Algorithms and methods for machine learning
Machine learning algorithms could be used to determine which features of eRaUI are being used on a website and which are redundant. Thus the application could switch features on and off according to the extent to which they are made use of. This might be particularly useful when taking into account detected User-Agent or resolving a client’s IP address to their geographic location. Machine learning algorithms could be used to determine what elements of eRaUI are best for presenting to the user.
Types of Machine Learning Algorithms:
- · Supervised Learning – less suitable because of the need for an element of human supervision.
- · Semi-Supervised Learning – same issues as Supervised Learning in terms of requiring an element of human supervision.
- · Reinforcement Learning – possible
- · Genetic Algorithms – it may be possible to allow the underlying algorithms to modify themselves in such a way as to present the most useful information to the user.
http://www.obitko.com/tutorials/genetic-algorithms/
- · K-Nearest Neighbour algorithm – this is a possibility – although it is the most simplistic of all machine learning algorithms
- · Cluster Analysis – although not an algorithm in itself, this could help with the process of separating user actions in such a way as to make them amenable to certain techniques.
- · Bayesian Methods
Monday, 5 September 2011
September Objectives
- Write a report about August achievements and activities.

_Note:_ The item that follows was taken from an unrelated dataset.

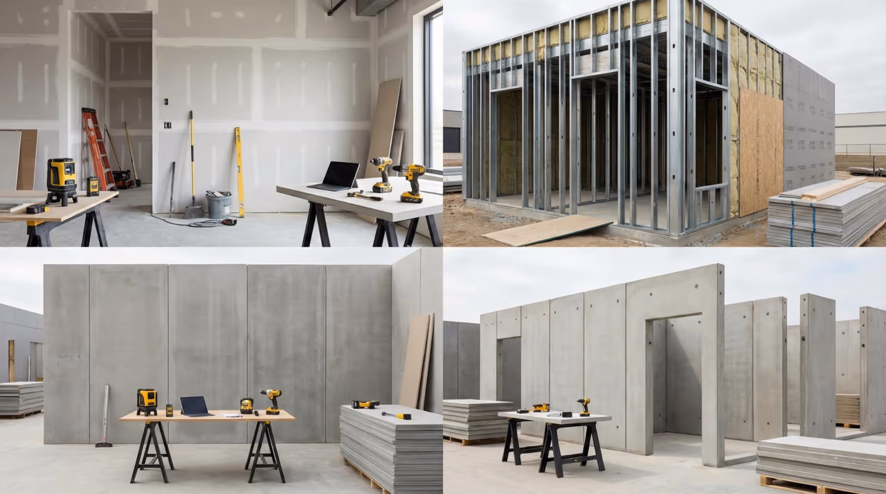 Já os painéis cimentícios e pré-moldados entregam durabilidade superior, sendo ideais para muros, áreas externas e projetos modulares. A escolha correta depende do uso, do orçamento e da velocidade desejada para a obra.

- Investigate machine learning algorithms to carry out user modelling.
- Design and implement this feature of machine learning user modelling into eRaUI prototype.
- Organise at least 3 weekly technical meetings and one monthly meeting for evaluating the implementation of machine learning for user modelling in the eRaUI prototype.
- Produce an evaluation / testing plan for eRaUI machine learning module.